It would be nice if someone could please post a working example using mathematica. The procedure is as follows, specify the energy functional, compute the Euler-Lagrange equation, discretize them and if possible run for a sample data.

There are some links to the package for calculus of variation. But none of them is providing a complete example as I have described in the above paragraph.

UPDATE1

I am trying the simple Lucas-and-Kanade energy functional

$E(u(x_0,y_0),v(x_0,y_0)) = \int(f_x(x,y,t)u+f_y(x,y,t)v+f_t)dx dy$

I have tried to do it with [this link]

UPDATE2

The correct form of the energy functional is, courtesy of [rcollyer]

$E(u(x,y),v(x,y)) = \int(f_x(x,y,t)u+f_y(x,y,t)v+f_t)^2dx dy$

The question is now how to descritize the Euler-Lagrange equations. and solve it for some artificial data. (this is not extra thing specified in the question already)

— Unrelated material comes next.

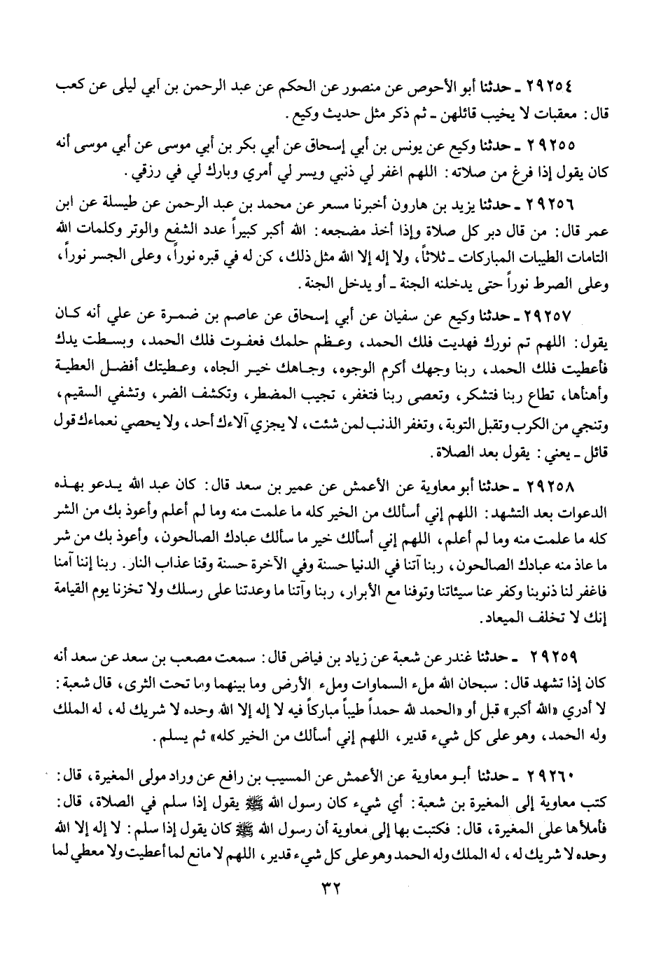 29260 - حَدَّثَنَا أَبُو مُعَاوِيَةَ، عَنِ الْأَعْمَشِ، عَنِ الْمُسَيِّبِ بْنِ رَافِعٍ، عَنْ ورَّادٍ، مَوْلَى الْمُغِيرَةِ، قَالَ: كَتَبَ مُعَاوِيَةُ إِلَى الْمُغِيرَةِ بْنِ شُعْبَةَ: أَيُّ شَيْءٍ كَانَ رَسُولُ اللَّهِ صَلَّى اللهُ عَلَيْهِ وَسَلَّمَ يَقُولُ إِذَا سَلَّمَ فِي الصَّلَاةِ؟، قَالَ: فَأَمْلَاهَا عَلَيَّ الْمُغِيرَةُ، قَالَ: فَكَتَبْتُ بِهَا إِلَى مُعَاوِيَةَ، أَنَّ رَسُولَ اللَّهِ صَلَّى اللهُ عَلَيْهِ وَسَلَّمَ كَانَ §يَقُولُ إِذَا سَلَّمَ: «لَا إِلَهَ إِلَّا اللَّهُ وَحْدَهُ لَا شَرِيكَ لَهُ، لَهُ الْمُلْكُ وَلَهُ الْحَمْدُ وَهُوَ عَلَى كُلِّ شَيْءٍ قَدِيرٌ، اللَّهُمَّ لَا مَانِعَ لِمَا أَعْطَيْتَ، وَلَا مُعْطِيَ لِمَا مَنَعْتَ، وَلَا يَنْفَعُ ذَا الْجَدِّ مِنْكَ الْجَدُّ»

* UPDATE3* the complete solution procedure is as follows:

The E-L equations for the integrand of the above energy functional are as follows and we set the first variation to zero

$2f_x(f_x(x,y,t)u+f_y(x,y,t)v+f_t)=0$

$2f_y(f_x(x,y,t)u+f_y(x,y,t)v+f_t)=0$

in the matrix form it will look as follows

Now we can simply solve for u and v because we have two equations and two unknowns but the derivatives are needed to be descritized. For example if we take the forward difference assuming the distance is 1

$f_x = f_{i+1}-f_{i}$

$f_y = f_{j+1}-f_{j}$

In above equations i and j represent the indexing in x and y direction respectively.

$f_t = f_{2}-f_{1}$

Here in the above equation the function is described by indices 1 and 2 describe the function in the temporal direction. (Mathematica provides a lot of variety for descritizing as per the documentation)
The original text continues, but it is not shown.